„Wir wollen fliegen“

„Ich war von Kind an ein Theaterverrückter“: Dieter Seidel, Gründer und Leiter des Theater N.N.

Im Porträt: Theatergründer Dieter Seidel

"Es ist alles möglich beim Theater, wenn es wahrhaftig bleibt.“ Große Worte vom Gründer und Leiter einer kleinen Bühne: Dieter Seidel. Wahrhaftig bleiben ist für ihn eine Art Leitmotiv. Und wenn für ihn nicht alles möglich war, ging er auch mal. Aber nicht immer freiwillig.
Seidel wuchs in der DDR auf, in Oberlausitz in Sachsen. „Ich war von Kind an ein Theaterverrückter“, sagt er. Später arbeitete er als Regisseur für Film und Theater sowie als freier Autor. Aber er eckte an in dem sozialis-tischen Regime. „Im Osten hatte ich meine Feinde“, sagt er knapp. Berufsverbot. 1988 ging er in die Bundesrepublik, nach Hamburg. „Ich wollte sehen, was die Freiheit so bedeutet.“ Von Gängeleien am Theater hatte er genug, ein festes Engagement wollte er nicht. Er wurde Dozent an der Stage School. Doch auch dort hielt es ihn nicht ewig. Ende der 90er Jahre hörte er auf und gründete mit einem Schwung Schüler eine freie Theatergruppe. Sie tingelten kreuz und quer durch die Republik, fanden 1999 Unterschlupf im Altonaer Kulturbahnhof. Als dieser nicht mehr zur Verfügung stand, bot sich nach langem Suchen in Eimsbüttel die Gelegenheit, eine Spielstätte aufzubauen. Das Theater N.N. im Hellkamp 68 war geboren.

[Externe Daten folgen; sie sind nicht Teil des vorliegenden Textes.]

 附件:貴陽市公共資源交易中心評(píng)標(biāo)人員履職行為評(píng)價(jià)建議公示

Was treibt ihn an? „Wahrhaftige Kommunikation.“ Man könnte auch sagen: Ehrliche, intensive Arbeit mit anderen Theaterbegeisterten, zuhören, sich in Frage stellen. Im besten Fall vor einem Publikum, bei dem man etwas bewegen oder auslösen kann.
Diese Lust schimmert immer wieder durch, sie leuchtet in den klaren blauen Augen, wenn Seidel den Salzstreuer in die Hand nimmt, um etwas zu zeigen. „Mit Fantasie wird aus einem Salzstreuer die Welt.“ Ein paar Körner rieseln auf den Tisch.

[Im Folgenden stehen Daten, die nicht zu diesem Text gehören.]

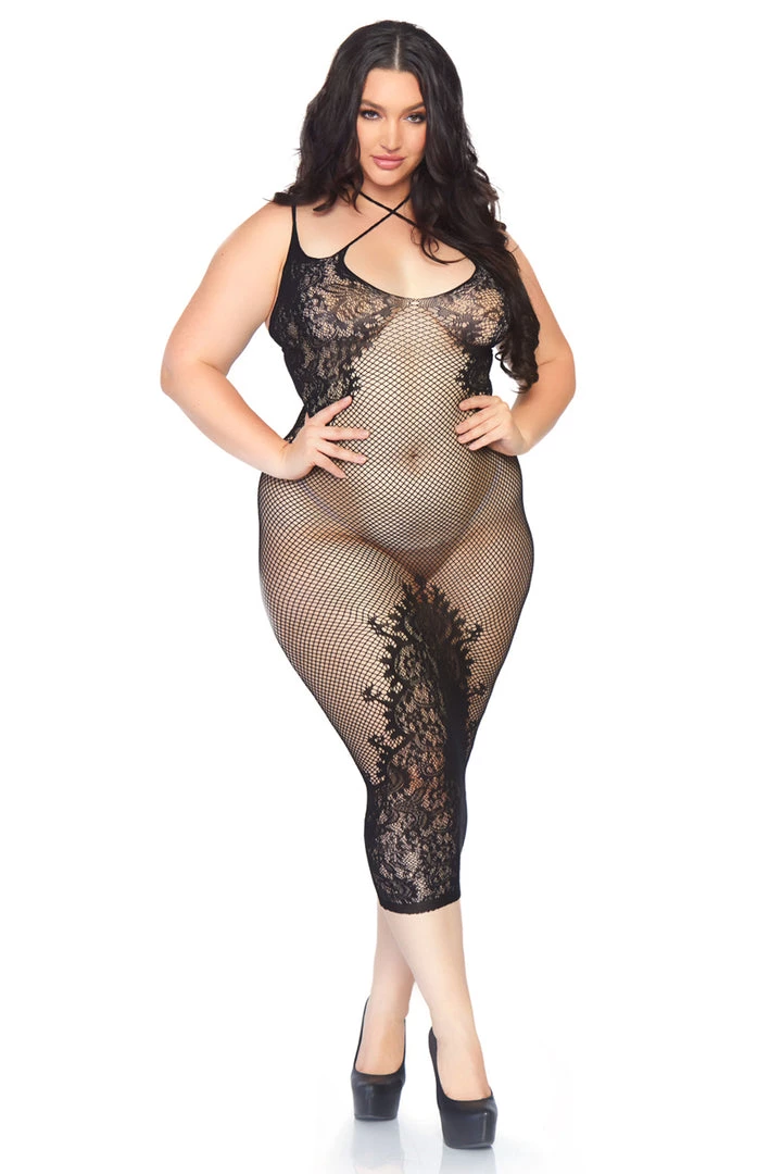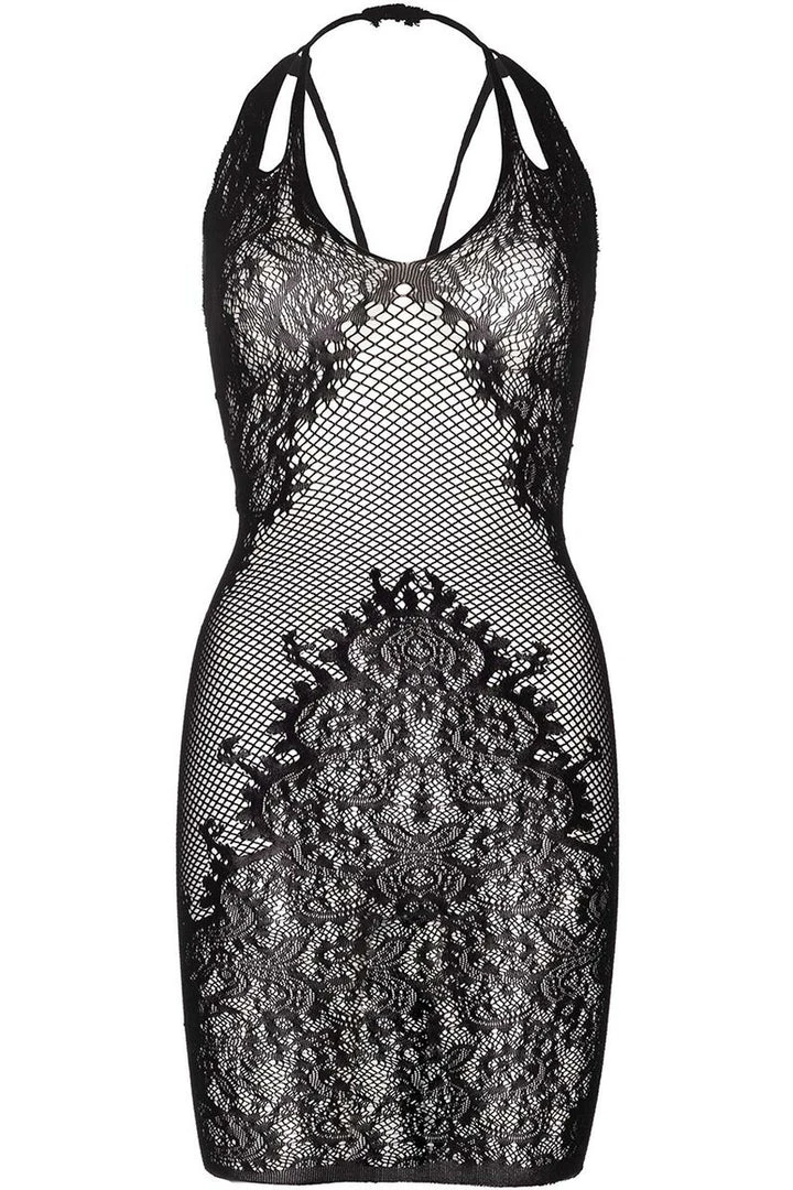 This black, seamless net and lace chemise features dual straps and a faux lace up back.

Doch ganz irdisch geht es auch immer wieder ums Geld. Beim Theater N.N., bei Schauspielern, bei allen. Seidel hat da seine eigene Antwort drauf: „Wenn sich jemand kaufen lässt, geht ein Stück Freiheit verloren. Dann kann man nicht mehr fliegen. Wir wollen aber fliegen.“ Bisher geht der Flug anscheinend ganz gut.